Género: Categoría gramatical basada en la distribución de los nombres en dos o tres clases (masculino, femenino, neutro) de acuerdo a un cierto número de propiedades formales (género gramatical), a las cuales se asocian a menudo criterios semánticos derivados de la representación de los objetos del mundo (género natural).

No se parecen mucho. Pese a ello, cada vez hay más gente en cuyos diccionarios —al parecer— no vienen estas palabras y usan una por otra.
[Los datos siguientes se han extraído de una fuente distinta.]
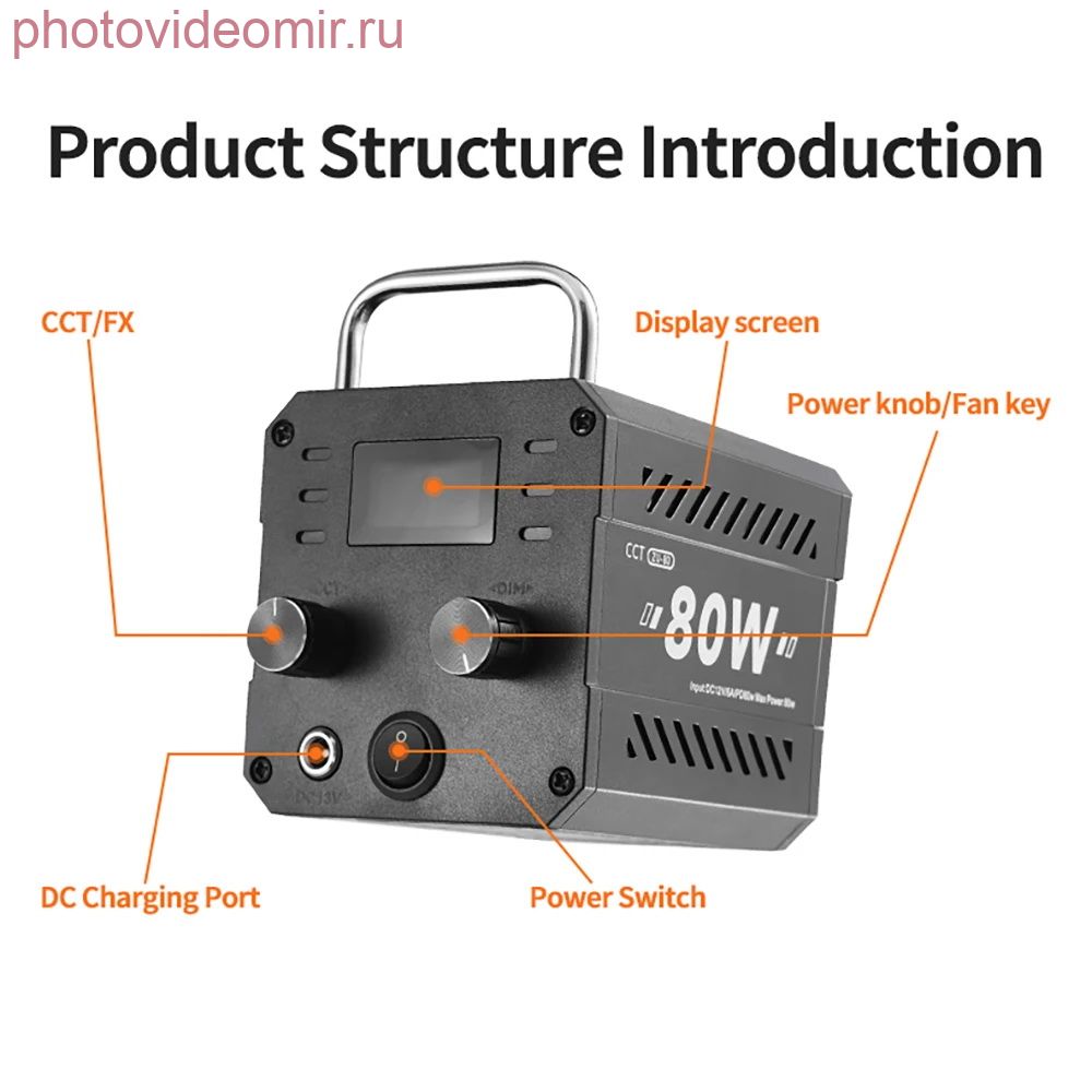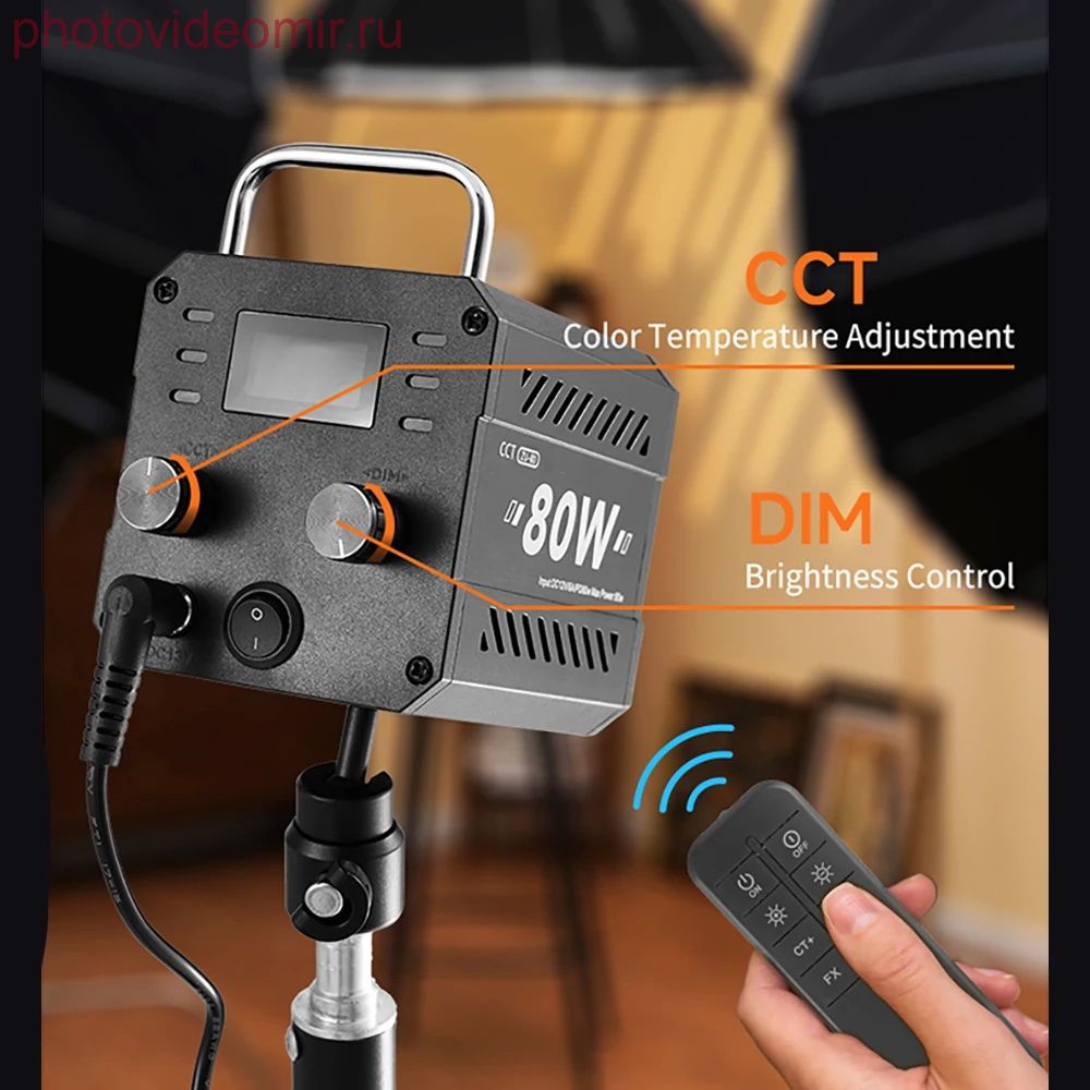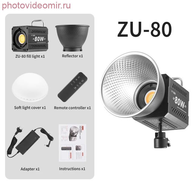 Комплектация: Осветитель, рефлектор, рассеиватель, пульт дистанционного управления, блок питания. Характеристики Осветитель светодиодный ZU80 80W
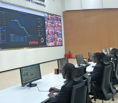 在肯尼亞內(nèi)羅畢快速路監(jiān)控中心,工作人員正在監(jiān)測(cè)車輛運(yùn)行狀況。鄭文嬌攝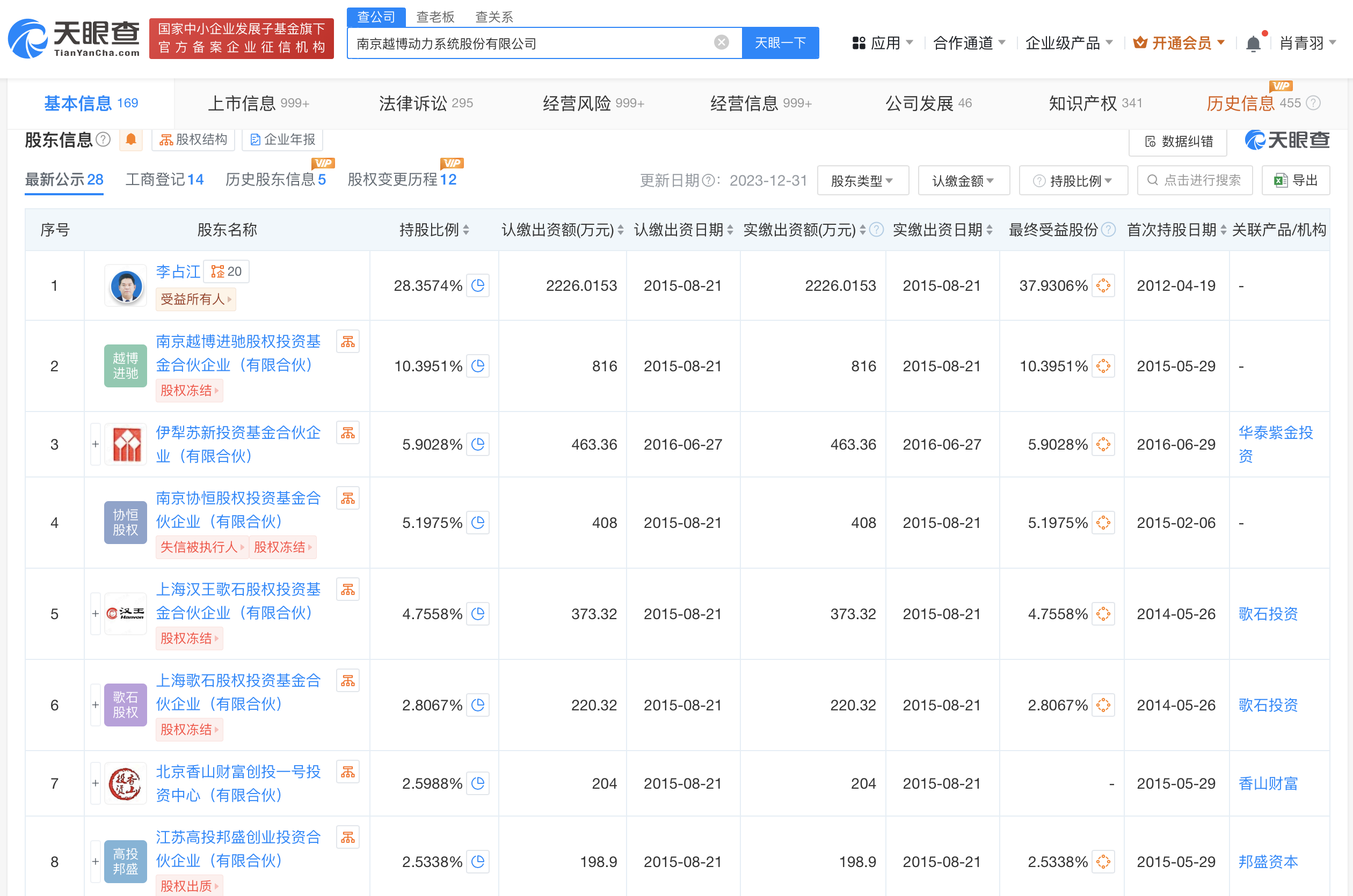 越博退(300742)成立于2012年4月,法定代表人为李占江,注册资本约7849.9万人民币,经营范围含汽车动力系统技术研发、检测,车辆系统及零部件的研发、生产、检测、销售、技术咨询,新能源汽车动力总成系统、电机及控制系统、整车控制系统的研发、生产、检测、销售、技术咨询等。股东信息显示,该公司由李占江、南京越博进驰股权投资基金合伙企业(有限合伙)、伊犁苏新投资基金合伙企业(有限合伙)等共同持股。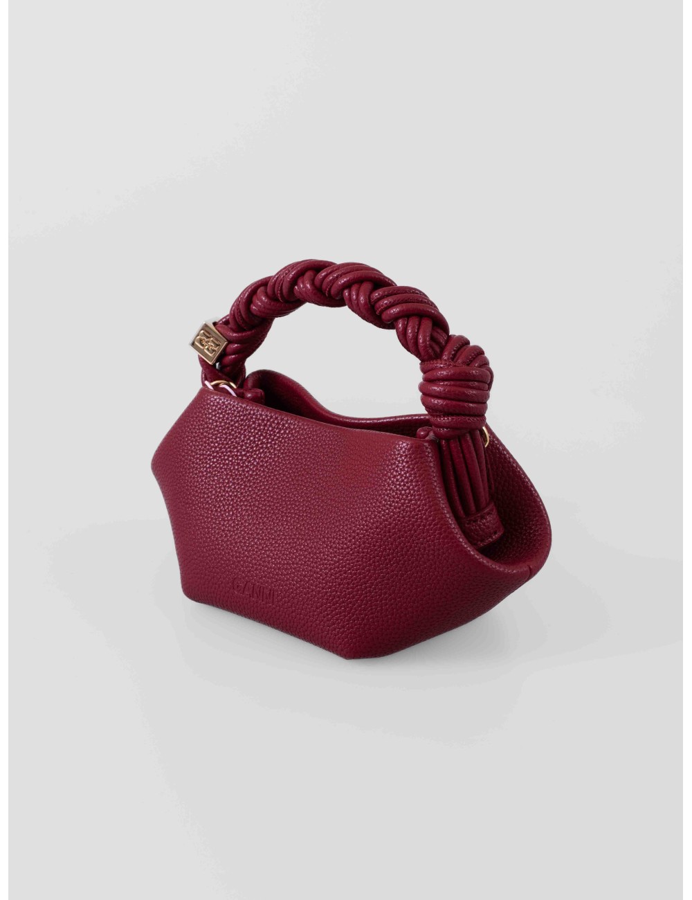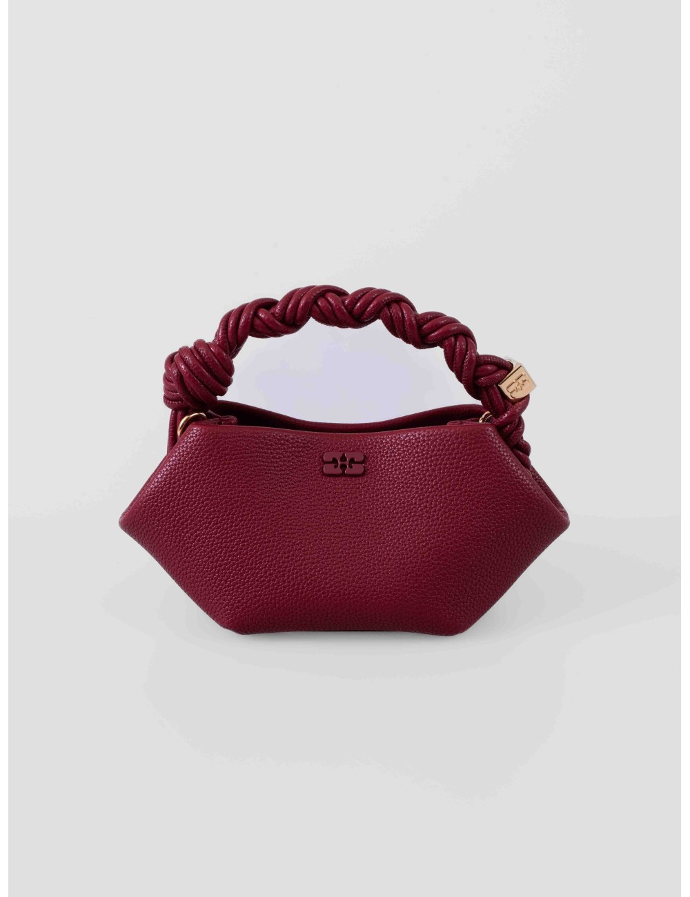 Bolso mini de piel granulada de GANNI en color burdeos, con asa trenzada escultórica y logotipo en relieve. Minimalismo con carácter escandinavo.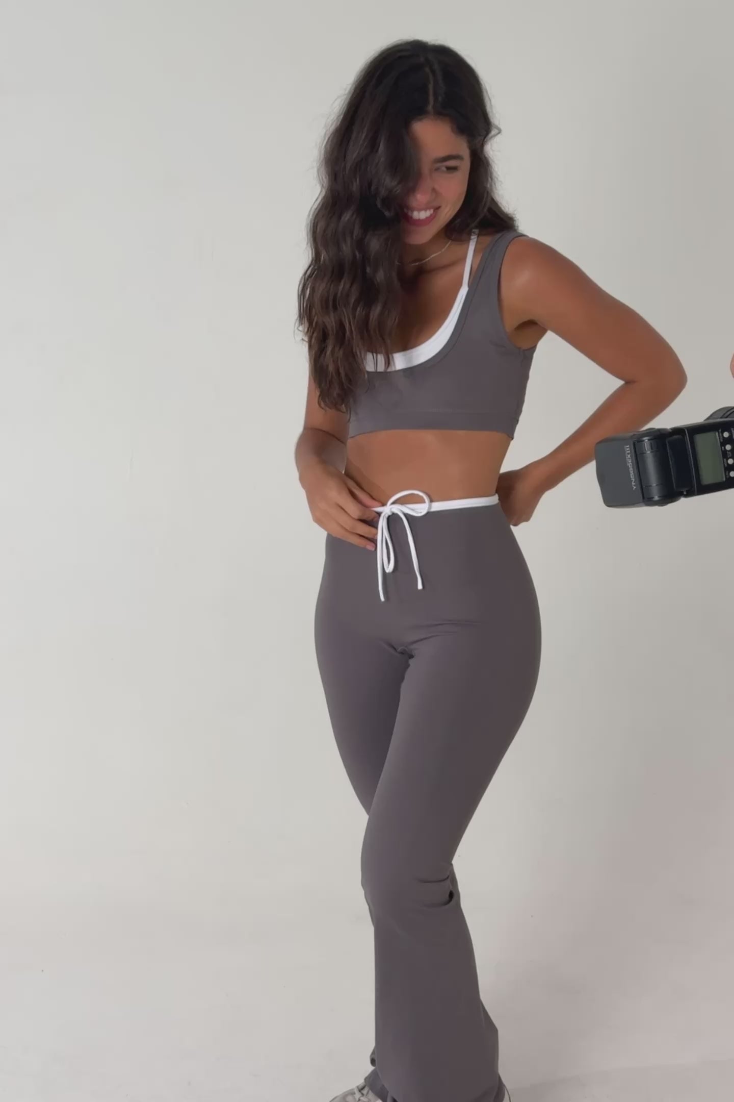A nova flare possui cós alto com viés na cor branca e amarração com laço. Perfeita pra usar com o Top Basic e Top Yam. Tecido em poliamida tecnológica com proteção UV50+ (que não se perde após a lavagem), com textura flexível e super confortável. Sugestão: use com calcinha sem costura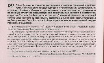 Об особенностях правового регулирования трудовых отношений с работниками, заключившими трудовой договор с организациями, расположенными в районах Крайнего Севера и приравненных к ним местностях, призванными на военную службу по мобилизации или заключившими контракт в соответствии с пунктом 7 статьи 38 Федерального закона "О воинской обязанности и военной службе" либо контракт о добровольном содействии в выполнении задач, возложенных на Вооруженные Силы Российской Федерации или войска национальной гвардии Российской Федерации : Постановление Правительства Российской Федерации от 21.02.2024 № 200 // Собрание законодательства Российской Федерации. – 2024. – № 9. – С. 4488 (ст. 1252). |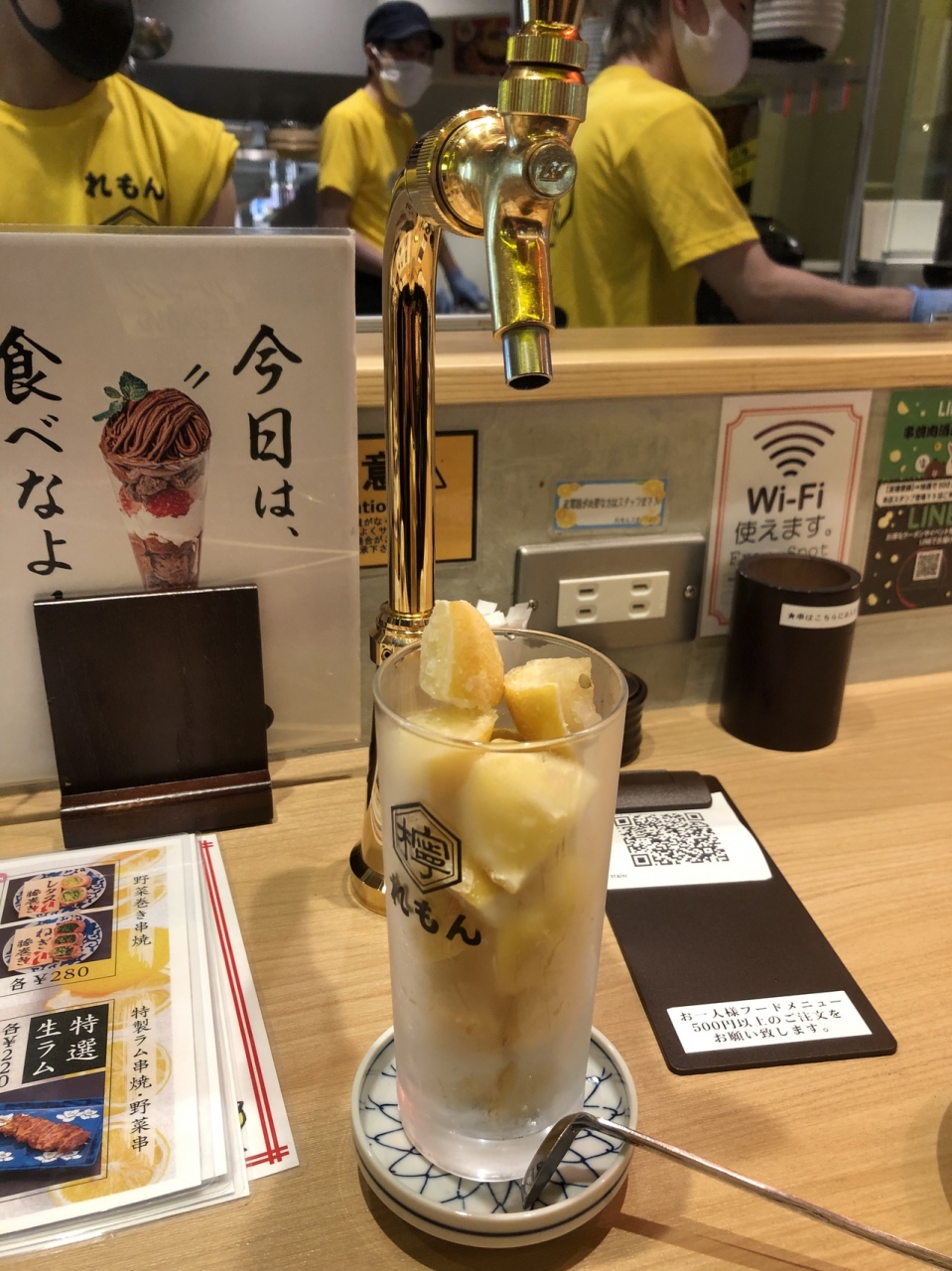 すすきの南5西4にある串焼き店。外観がお店を間違えたかというくらいのカラーで、店内はカウンター席メインでテーブル席もあり。札幌市内の系列店と同じく、テーブルにレモンサワーのサーバーがあり、500円で1時間飲み放題。レモンやみかんなどの追加トッピングを行う。自由に飲めるのは嬉しいが、飲み過ぎに注意。万が一の場合の罰金システムがあります。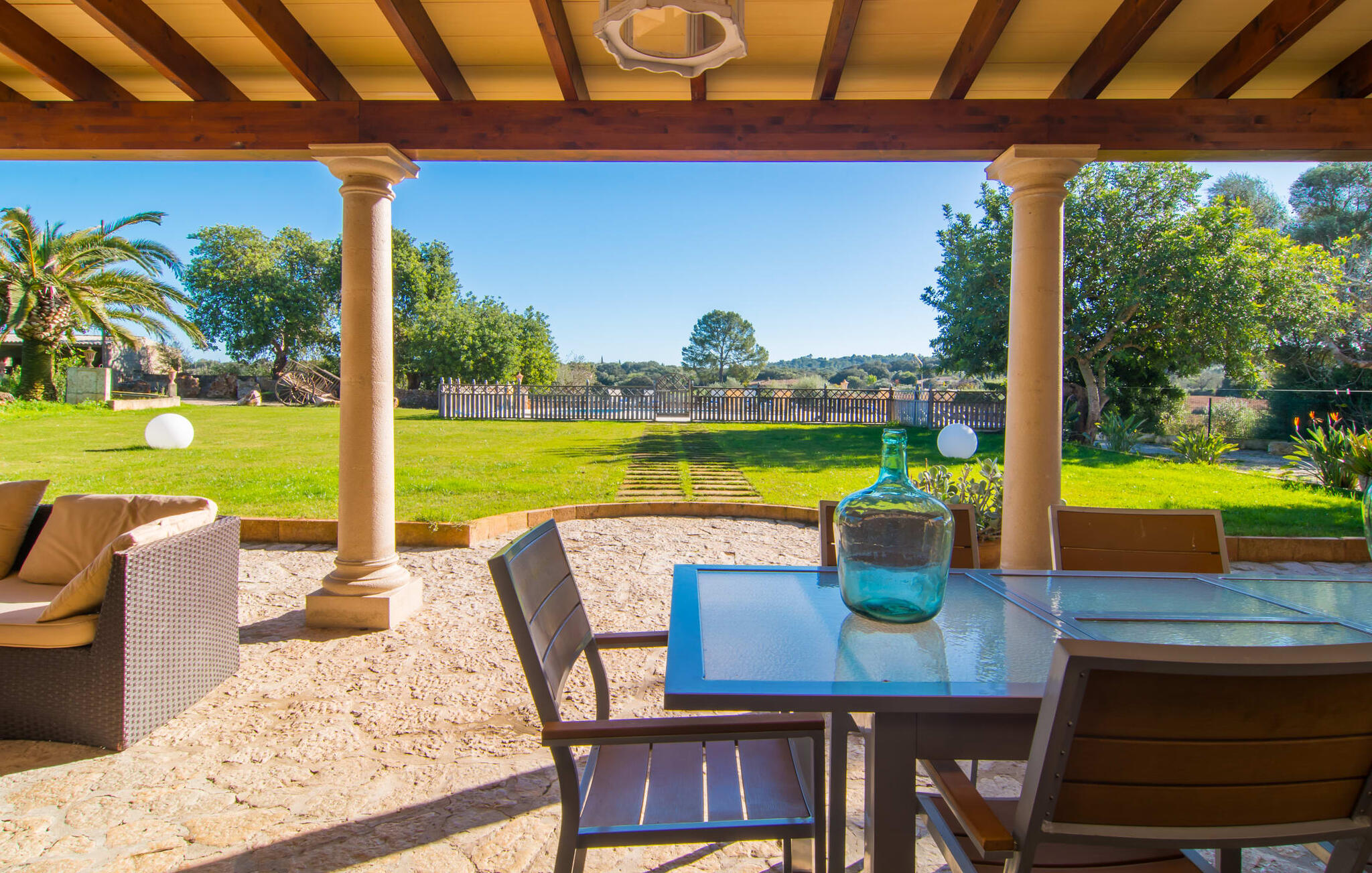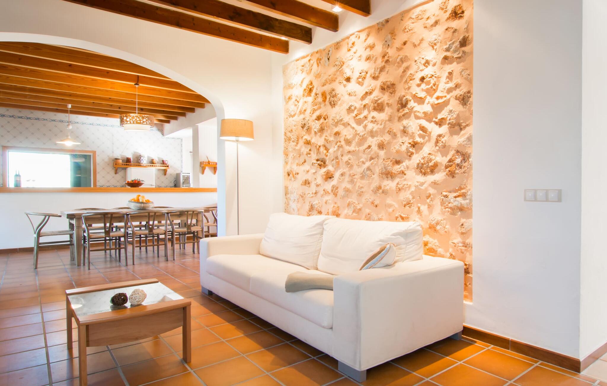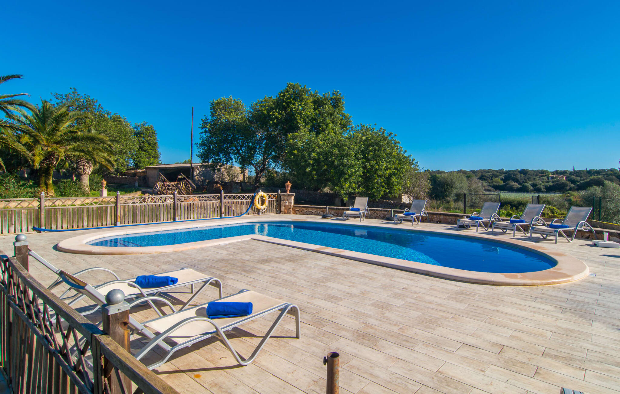 Als de muren van de verfijnd gerenoveerde villa "Son Nadal" konden spreken, zouden ze de rijke geschiedenis van het "oude" Mallorca onthullen. Dit indrukwekkende landgoed van 80.000 m² heeft overblijfselen uit het agrarische verleden, zoals een waterput en een houten ploeg, te midden van oude palmbomen en olijfbomen. Een geplaveid pad leidt van het schaduwrijke terras naar het prachtige zwembadgedeelte, omringd door een stenen zonneterras waar je kunt ontspannen onder grote parasols. Op het overdekte terras staat een lange eettafel waar je kunt genieten van zomerse gerechten, misschien wel bereid op de barbecue.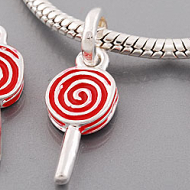 1 x Beautiful Silver Plated Red Enamel Lollipop Drop Charm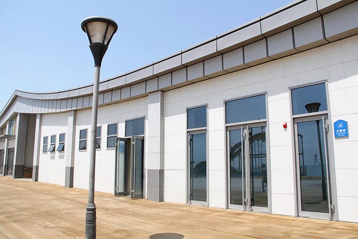 它们采用了环保理念,屋顶设有太阳能电池板,连续阴雨天一周内,能保证整个板房正常照明,电量不足时,可自动切换为市电负载供电的发电设备。主要用作广场游客服务中心、特色旅游纪念品售卖等服务。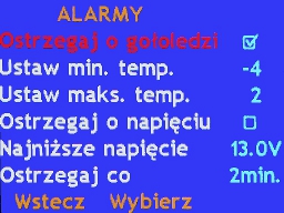 • Sam ustawiasz odstęp czasowy pomiędzy kolejnymi ostrzeżeniami. Jeżeli chcesz, aby ewentualne ostrzeżenia o gołoledzi lub zbyt niskim napięciu pojawiały się rzadziej lub częściej zmieniasz to ustawienie.

Por ejemplo, cuando una persona agrede a otra de sexo opuesto, hay quien habla de violencia de género, cuando obviamente se trata de violencia de sexo. Quizá más de uno al ver el título de este artículo ha pensado que iba a tratar sobre violencia de sexo, pero no, trata sobre la violencia de género, esto es, de la cada vez más frecuente violación del concepto de género, brutalmente identificado con el de sexo.

Por increíble que pueda parecer, cada vez hay más hablantes convencidos de que masculino es sinónimo de macho y femenino es sinónimo de hembra. Ningún hablante puede llegar a estas identificaciones sin renegar de la inteligencia que la naturaleza le ha dado. Por ejemplo, nadie fuera de un chiste puede leer que  Juan  es una persona muy simpática y deducir que Juan es una hembra (porque simpática es una palabra femenina), o leer que María es un ser imprevisible y concluir que María es un macho. Volvamos al diccionario:

Masculino: 1) Propio del varón. 2) Dícese del género gramatical que se opone al femenino en una clasificación de dos géneros, o al femenino o al neutro en una clasificación de tres géneros. (El masculino representa a menudo el término "macho" en el género natural que se basa en la oposición de sexos: se le llama entonces no marcado con relación al femenino.)

Es fácil comprender qué dificultades podría tener un robot o un extraterrestre a la hora de comprender cabalmente esta definición. Por lo pronto, «masculino» es una palabra polisémica: a veces es sinónima de varón (o macho), pero también puede usarse como un concepto gramatical, que es otra cosa. Para más inri, «masculino» en su sentido gramatical representa a veces el concepto de «macho», pero a veces no. Y ése es el problema: una máquina puede entender fácilmente la noción de "siempre", pero lo de «a veces», hoy por hoy, requiere ineludiblemente el ejercicio de la inteligencia. Por ejemplo, una máquina entiende sin dificultad una orden como «siempre que veas 'huebo' cámbialo por 'huevo'», y con una lista de órdenes como ésta tenemos un corrector de ortografía que hasta puede funcionar competentemente en un programa de Microsoft. En cambio, digerir que «el niño» a veces significa «el niño» y a veces «los pañales del niño», o que «masculino» a veces sea «macho» y a veces no, eso ya es más complicado.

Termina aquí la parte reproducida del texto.